What this dot point is asking

NESA wants you to describe the third line of defence in mammals: the adaptive (specific) immune response. You must cover both humoral (B-cell, antibody-mediated) and cell-mediated (T-cell) immunity, name the lymphocyte types, and explain memory cells and the secondary response. This is among the highest-value Module 7 dot points and appears in nearly every extended-response question.

The answer

Adaptive immunity is specific (each lymphocyte recognises one antigen) and has memory (faster, larger response on re-exposure). It develops over 5 to 14 days during a first infection.

Antigens and antigen presentation

An antigen is any molecule (usually a protein or polysaccharide) that triggers an adaptive immune response. Antigen-presenting cells (APCs) including macrophages and dendritic cells engulf pathogens, digest them, and display fragments on MHC class II molecules. Infected cells display intracellular antigen fragments on MHC class I.

Lymphocyte types

All lymphocytes mature into one of three classes.

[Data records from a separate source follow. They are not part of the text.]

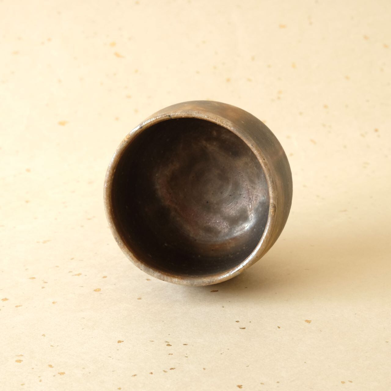 日本酒との相性が抜群のぐい呑です。木炭から発せられるガスの影響を受けて、うつわ全体だけでなく、ワラを巻いていた部分も珍しい色合いとなっています。
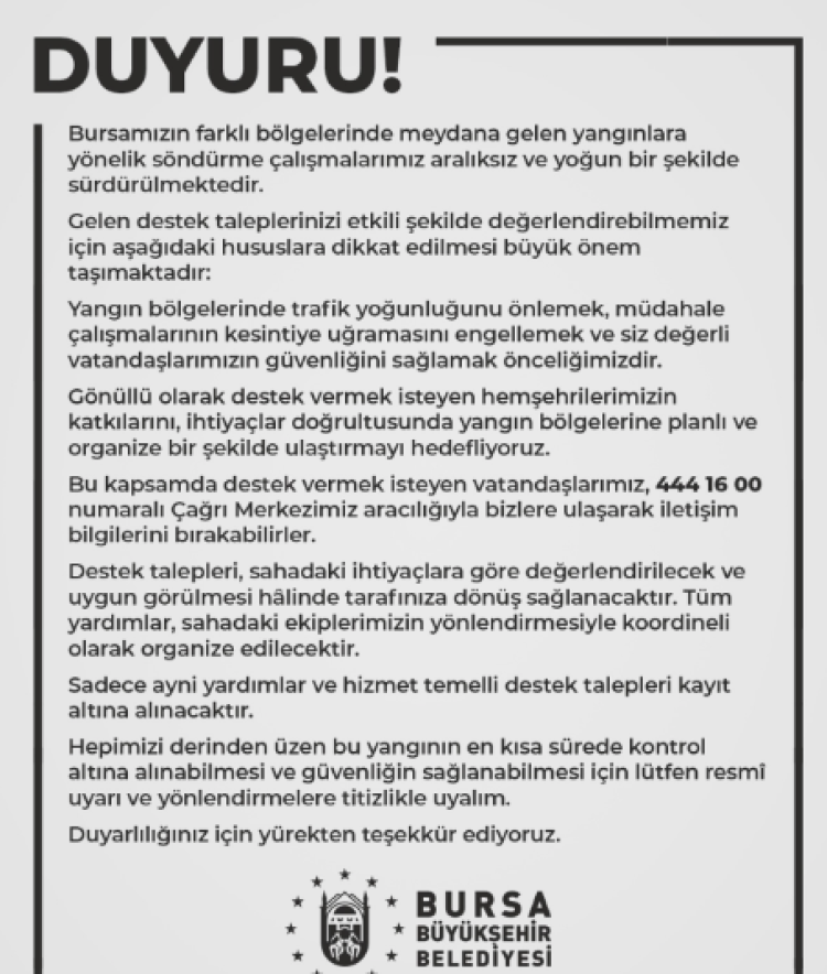 Destek vermek isteyen gönüllülerin katkılarının planlı ve organize bir şekilde yangın bölgelerine ulaştırılacağı belirtilirken, bu süreçte sadece araç-gereç ve hizmet temelli destek taleplerinin değerlendirileceği ifade edildi. Yardımda bulunmak isteyenlerin, 444 16 00 numaralı Çağrı Merkezi üzerinden iletişim bilgilerini bırakabilecekleri açıklandı.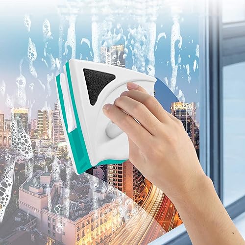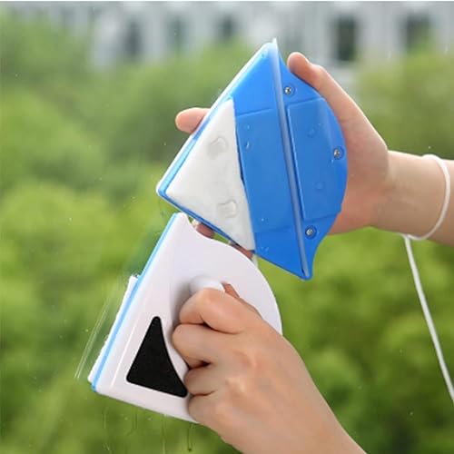SUQ Nettoyant pour Vitres Magnétique Double Face, Double Latérale Magnétique Outils de Nettoyage avec Corde Anti-Chute pour De Grande Hauteur et Fenêtres Vitrées de Voiture(Green)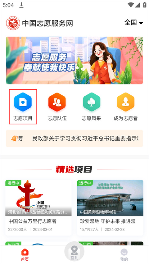在【首页】中点击【志愿项目】板块,通过筛选条件找到适合自己的志愿活动;进入心仪项目的详情页面后,点击【立即报名】,选择相应岗位并完成报名。需要注意的是,平台只显示对外招募的项目,部分活动可能设有条件限制,需符合条件才能成功参与。
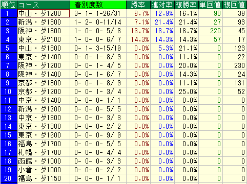 • 評価: 勝率 11.1%、単勝回収値 240、複勝回収値 112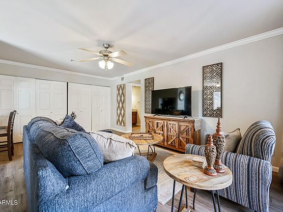 Beautifully renovated fully furnished ready ''1st floor'' condo in quiet part of community. Featuring granite counter tops, Crown Molding, new flooring, paint, baseboards walk in shower and more. Take a short walk to the two heated community pools get a workout in the gym, or take a 5 minute drive to Fashion Square mall, restaurants and all that the Scottsdale lifestyle has to offer!
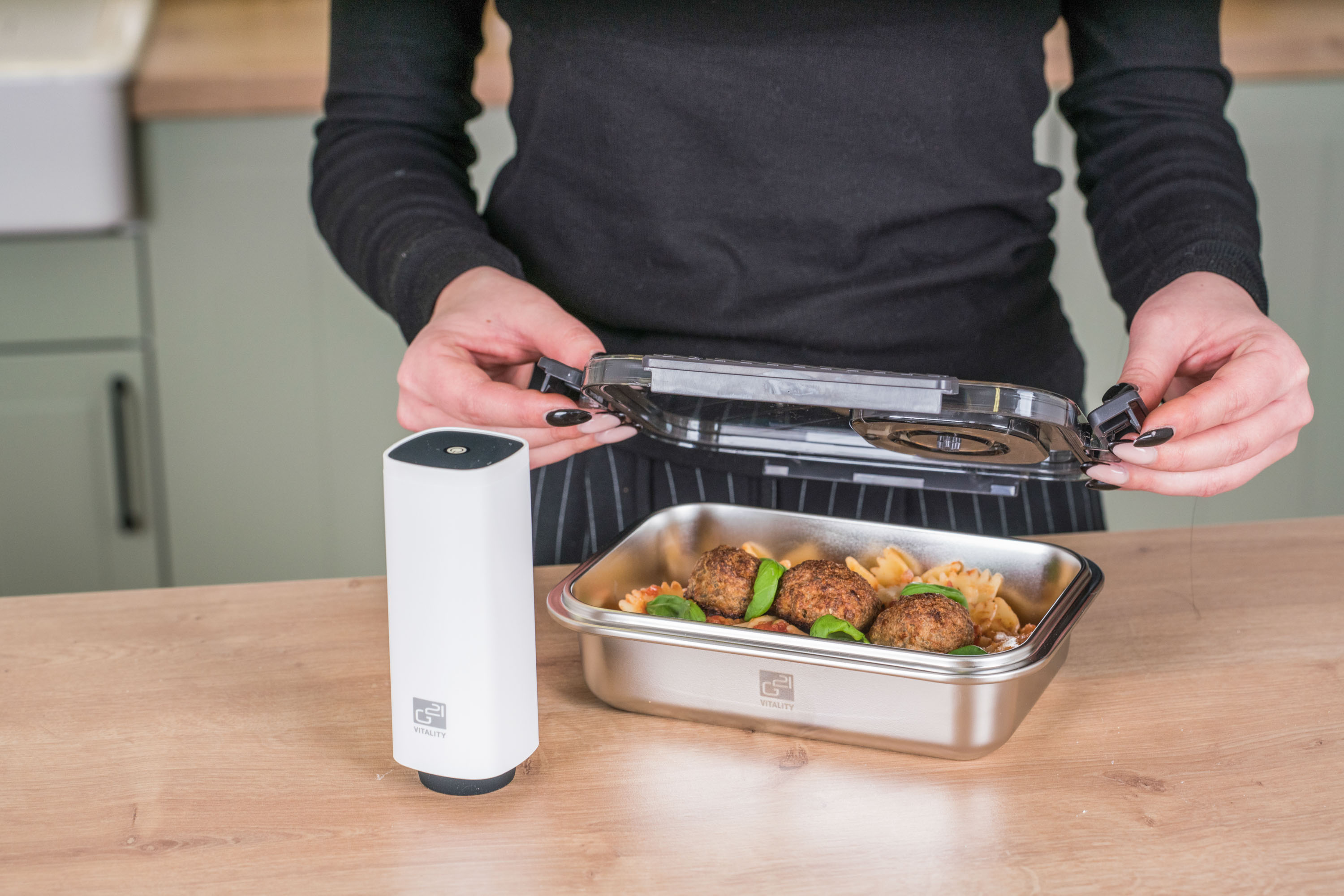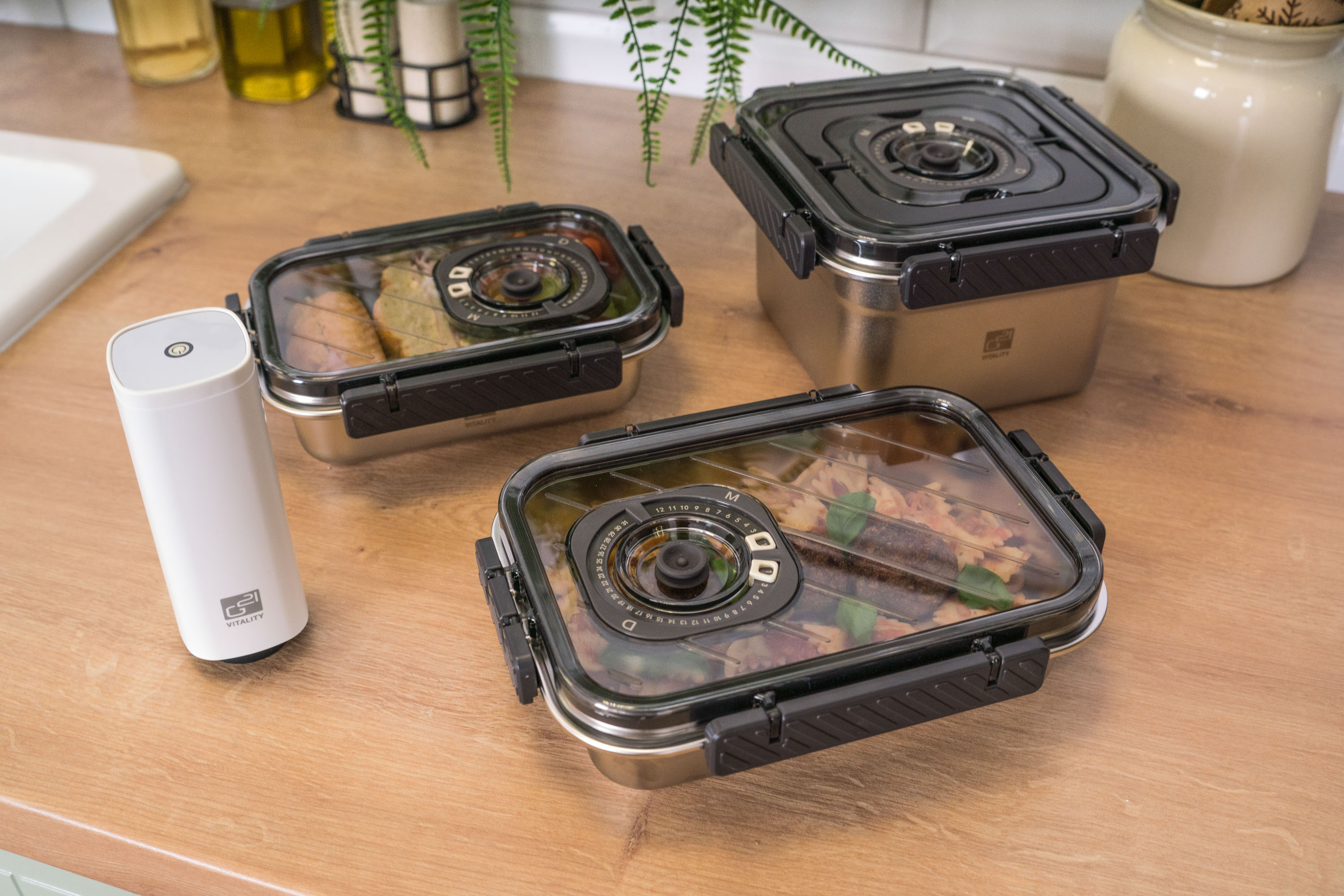 Prodloužení trvanlivosti potravin a zachování čerstvosti, vakuování, chlazení i mražení, skleněné borosilikátové tělo, víko BPA Free, nastavení data, teplotní odolnost dózy -20 až + 400 °C.

B lymphocytes (B cells). Mature in the bone marrow. Each B cell has a unique surface antibody (B-cell receptor) that recognises one antigen.

T lymphocytes (T cells). Mature in the thymus. Each T cell has a unique T-cell receptor (TCR) that recognises one antigen displayed on MHC. Two main subtypes:

  • Helper T cells (CD4) recognise antigen on MHC class II. They coordinate the response by secreting cytokines.
  • Cytotoxic T cells (CD8) recognise antigen on MHC class I. They kill infected cells.

Memory cells. A subset of activated B and T cells become long-lived memory cells.

Humoral immunity (B cells and antibodies)

Primary versus secondary antibody response curves A plot of antibody concentration on the y axis against time on the x axis. The primary response after first exposure rises slowly to a moderate peak then falls. After re-exposure, the secondary response rises much faster, higher, and lasts longer because memory B cells are already present. [antibody] t 1st exposure primary response 2nd exposure secondary response (faster, larger)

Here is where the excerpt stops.